> Dataset extract

##########

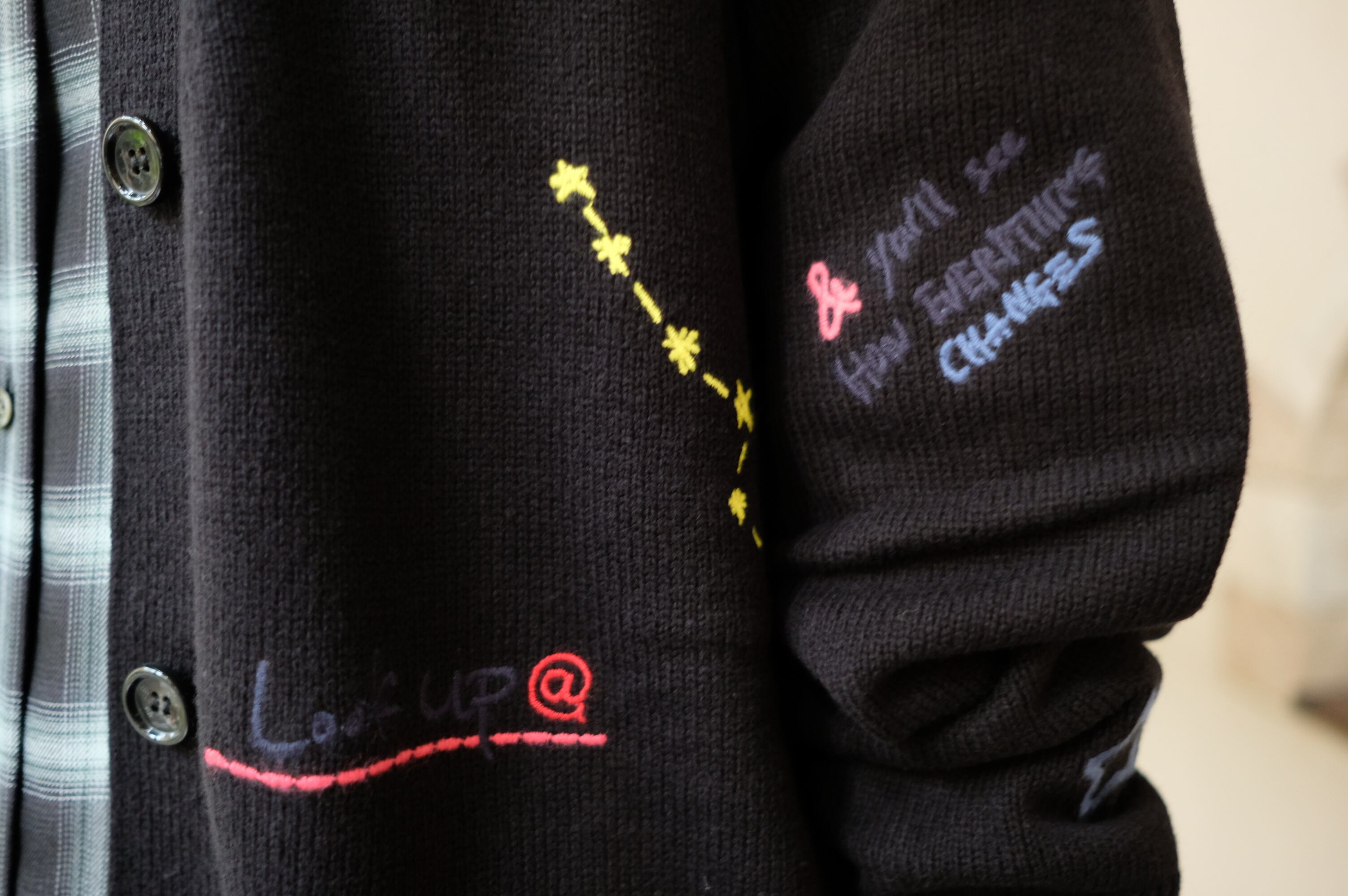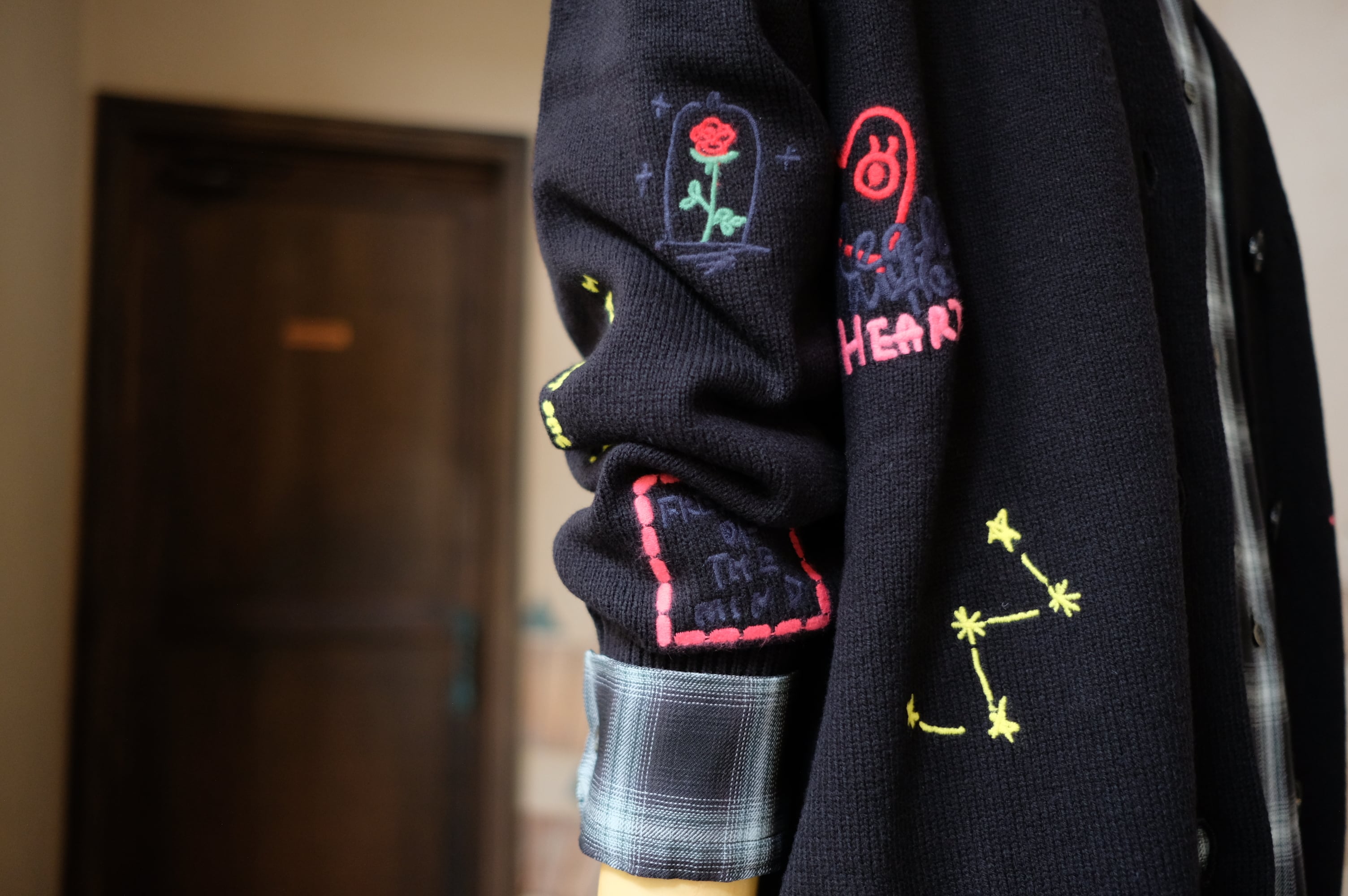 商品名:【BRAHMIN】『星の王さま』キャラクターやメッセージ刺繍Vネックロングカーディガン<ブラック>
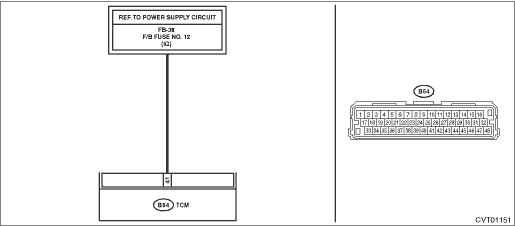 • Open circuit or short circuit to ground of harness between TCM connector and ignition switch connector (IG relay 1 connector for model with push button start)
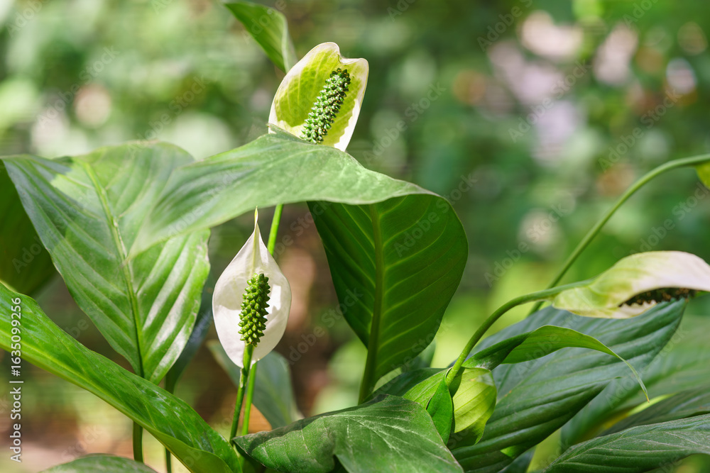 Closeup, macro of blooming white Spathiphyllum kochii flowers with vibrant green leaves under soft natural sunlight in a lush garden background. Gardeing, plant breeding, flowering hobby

##########

> Exercise requirements
Retype the data above exactly. Leave the pictures out.

> Response below
 商品名:【BRAHMIN】『星の王さま』キャラクターやメッセージ刺繍Vネックロングカーディガン<ブラック>
 • Open circuit or short circuit to ground of harness between TCM connector and ignition switch connector (IG relay 1 connector for model with push button start)
 Closeup, macro of blooming white Spathiphyllum kochii flowers with vibrant green leaves under soft natural sunlight in a lush garden background. Gardeing, plant breeding, flowering hobby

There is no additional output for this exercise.